Even though I've been re-reading the book twice since the beginning of the year I'm still having a hard time summarizing the immense amount of insight, the examples given, the quotes, statistics, gems of wisdom and the important questions asked, for example:
"...addressing the question "Where do we want to be?" brings us up against an innovation dilemma. We've built a technology-focused society that is remarkable on means, but hazy about ends. It's no longer clear to which question all this stuff - tech -is an answer, or what value it adds to our lives. Too many people I meet assume that being innovative means "adding technology to it". Technology has become a powerful, self-replicating system that is accustomed to respect and receives the lion's share of research funding. In NASDAQ, tech even has its own stock exchange." (p.2)

Some of the material presented early on in the book can induce a sense of global doom and depression, however the sheer number of truly innovative examples is making the book a celebration and wake-up call to focus more on human centred approaches to design. And "human centred" not only from a perspective as Maeda is approaching it (Yes, more simplicity is needed in a complex world, but I'm equally dreading over-simplification of things which are inherently complex). Human centred design also means designing for sustainability, both social and environmental versions.

With regards to this post, he too has very interesting things to say about the state of education in our society. Throughout the book he's citing several powerful quotes by Ivan Illich, described by The Guardian as:
" of the world's great thinkers, a polymath whose output covered vast terrains. He worked in 10 languages; [...] Best known for his polemical writings against western institutions from the 1970s, which were easily caricatured by the right and were, equally, disdained by the left for their attacks on the welfare state, in the last 20 years of his life he became an officially forgotten, troublesome figure (like Noam Chomsky today in mainstream America)."

I found several of his texts online and they indeed are rocking the boat of many of our societal institutions. In the foreword to his book "Celebration for awareness" he writes:
"Each chapter of this volume records an effort of mine to question the nature of some certainty. Each therefore deals with deception - the deception embodied in one of our institutions. Institutions create certainties, and taken seriously, certainties deaden the heart and shackle the imagination. It is always my hope that my statements, angry or passionate, artful or innocent, will also provide a smile, and thus a new freedom - even though the freedom come at a cost."

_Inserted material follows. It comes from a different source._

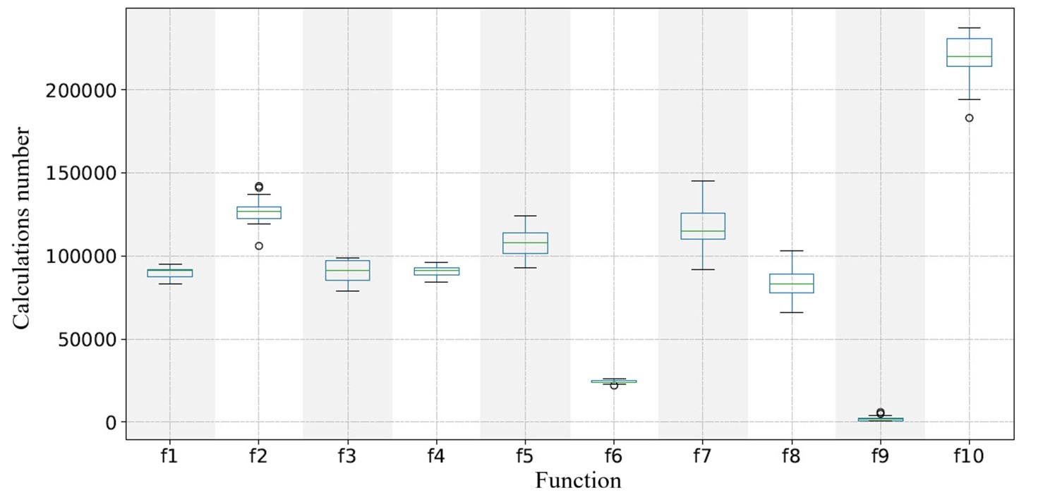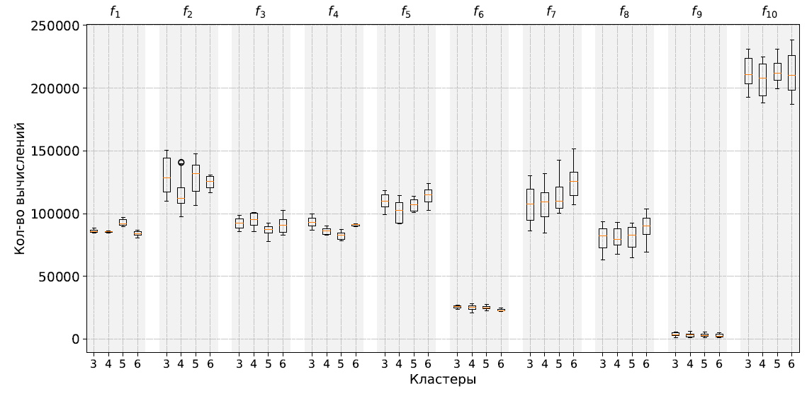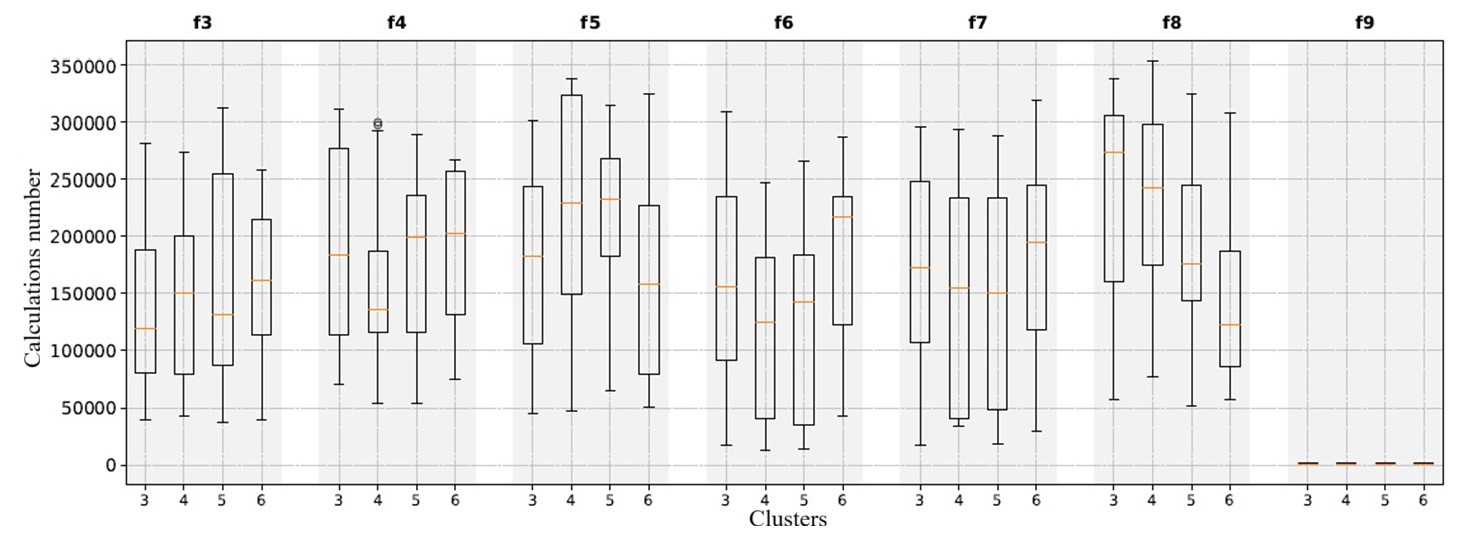 For example, the functions f 3–f 8 demonstrate high median values and interquartile range widths, which indicates scattered consumption of computing resources. The algorithm variant with the modification proposed in the dissertation, including K-means clustering with 3 to 6 clusters, made it possible to reduce the dispersion of the number of evaluations and shift the median towards smaller values. Thus, the generation of individuals within clusters ensured a directed distribution of the search across the solution space, which reduced the number of evaluations required to achieve an approximate optimum.
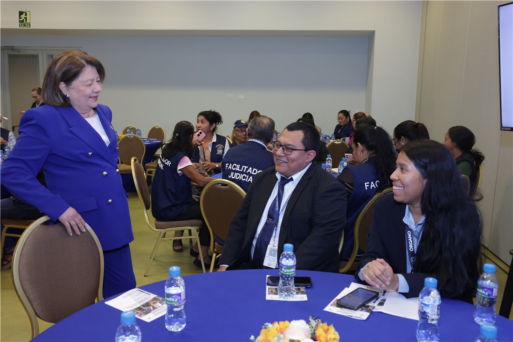 La expositora elogió el compromiso de los facilitadores judiciales comunitarios, a quienes calificó como ejemplos vivos de participación ciudadana activa que impulsa el desarrollo social.

Here're a few more of my favourite quotes of these texts which might be helpful in explaining why the meaning of the word "technology" has changed, more or less directly caused by how we've been approaching education through institutionalizing "schooling" for the past 150 years.
"The modern university confers the privilege of dissent on those who have been tested and classified as potential money-makers or power-holders. No one is given tax funds for the leisure in which to educate himself or the right to educate others unless at the same time he can also be certified for achievement. Schools select for each successive level those who have, at earlier stages in the game, proved themselves good risks for the established order. Having a monopoly on both the resources for learning and the investiture of social roles, the university coopts the discoverer and the potential dissenter. A degree always leaves its indelible price tag on the curriculum of its consumer. Certified college graduates fit only into a world which puts a price tag on their heads, thereby giving them the power to define the level of expectations in their society. In each country the amount of consumption by the college graduate sets the standard for all others; if they would be civilized people on or off the job, they will aspire to the style of life of college graduates." — Ivan Illich - Deschooling Society
"In a consumer society there are inevitably two kinds of slaves: the prisoners of addiction and the prisoners of envy. [...] Man must choose whether to be rich in things or in the freedom to use them." — Ivan Illich, Tools for Coniviviality

Reading the above about lack of interest in funding education outside institutions I had to immediately think of Neil Gershenfeld's TED talk and his problem of sourcing major funding for his global "Fab labs" - simply because the currently existing institutions are too rigid, specialized and mutually exclusive to deal with such new educational and social development efforts. So even though Illich had his hay day in the 70s - not much seems to have changed since...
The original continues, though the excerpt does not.